High Fistula Blood Flow Rates and Microbubble Formation
In the past I have blogged on this site about my vehement opposition to the extraordinarily high blood flow rates so often recommended by (and practiced in) US dialysis services. In the following referenced past blogs – and in several others – I have focused on:
The risks of a high negative arterial “suck” pressure on the feeding arterial segment of the fistula
The futility of using excessive blood flow rates to achieve improved solute clearance . This graph (repeated from blog 2) says it all!
Both  and  canvas vitally important concepts in the practice of good, thoughtful, and protective access management. Both  and  speak loudly against thoughtless and ill-advised ramping of pump speed to achieve blood flows in excess of (my arbitrary maximum of) 350 ml/min. And—especially —demonstrates the ever-diminishing returns to clearance from an ever-increasing pump speed; i.e. the law of diminishing returns. But, as the late-night TV ad-man so often says, “but wait – there’s more!”
Micro-bubbles are just what they sound like: small, almost microscopic air bubbles that can—and do—form at several key sites within the extracorporeal circulation of a dialysis system.
A much-admired friend, André Stragier, a life-time dialysis technician from Belgium, now retired, but still a true sage of our profession, recently read Henning Söndergaard’s August 15, 2019 post, We Need a Revolution in Dialysis Treatment. Upon reading Henning’s impassioned plea, André was prompted to email me and remind me of (1) the importance of micro-bubble formation (MBF), and (2) the easy potential to revolutionize patient “risk” by ensuring a reduction in—or abolition of—MBF.
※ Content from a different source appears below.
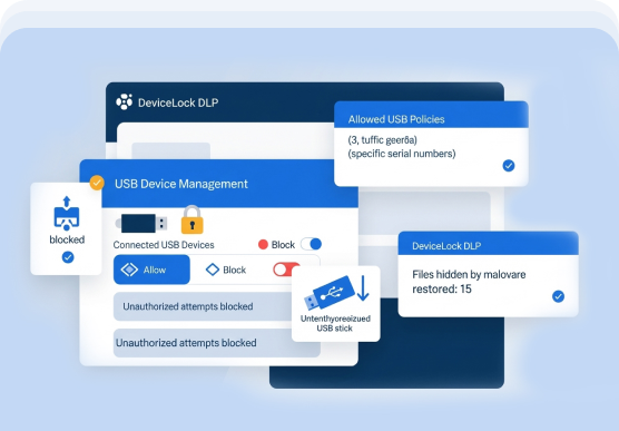 Blocks unauthorized USB devices, prevents data theft via removable drives, and scans infected USB devices.

It appears that MBF relates directly to all of the blood flow issues I have previously discussed. Putatively, at least, there are three primary risk foci for MBF:
The higher the negative arterial pressure, the greater the risk of MBF.
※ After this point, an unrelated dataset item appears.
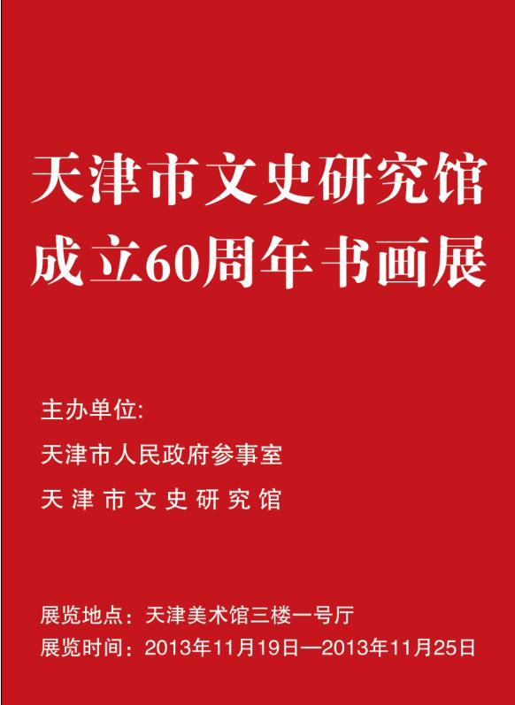 天津市文史研究馆自1953年成立至今,汇集了一大批年高德劭、造诣宏深的专家学者和社会名流,诸位硕学以文史研究馆为阵地,各展所长,各尽所能,勤奋工作,无私奉献,在“存史资政、文化建设、统战联谊”等领域卓有建树,硕果累累。60年来,馆员们积极开展文史研究和艺术创作,取得了丰硕成果。馆员共出版各种书画、文论专著300余部,捐赠文史馆书画精品近2000幅。本次展览暨天津文史研

The greater the blood flow rate, the greater the risk—and actuality—of bubble-trap MBF.
The hastier and more incomplete the priming—or perhaps with the “snap and tap” priming technique used with the NxStage system, the more agitation, the greater the risk of MBF.
I will quote, and at times paraphrase, part of André’s email to me:
“...more than 20 published papers reference the harmful effects of microbubbles in hemodialysis patients.
In summary: microbubbles enter undetected into the patients via the venous bloodline and lodge in various sites, but mainly in the lungs. These microbubbles obstruct blood flow when they lodge in the capillary circulation, and cause tissue ischemia and an inflammatory response through complement activation.
Aggregation of platelets and clot formation then occurs, leading to microcirculatory and tissue damage.
We should therefore—ASAP—seek to design systems that provide microbubble-free dialysis.”
This was André’s immediate sense of a “revolution;” one that would be so easy to implement, if only manufacturers would put their hearts and minds to work. While the full text of Andre’s attachment is provided as an addendum at the end of this post—with his permission—and all should take the few minutes required to read it, I will summarise the three main sites of microbubble formation he describes in his addendum:
Problem #1: The Arterial Lines Luer-lock Junction
A luer-lock connects the arterial needle to the arterial line of the dialysis line set. While this junction seems outwardly sealed and secure, the dialysis machine creates a negative pressure inside the blood tubing as it sucks blood from the fistula towards the dialyser.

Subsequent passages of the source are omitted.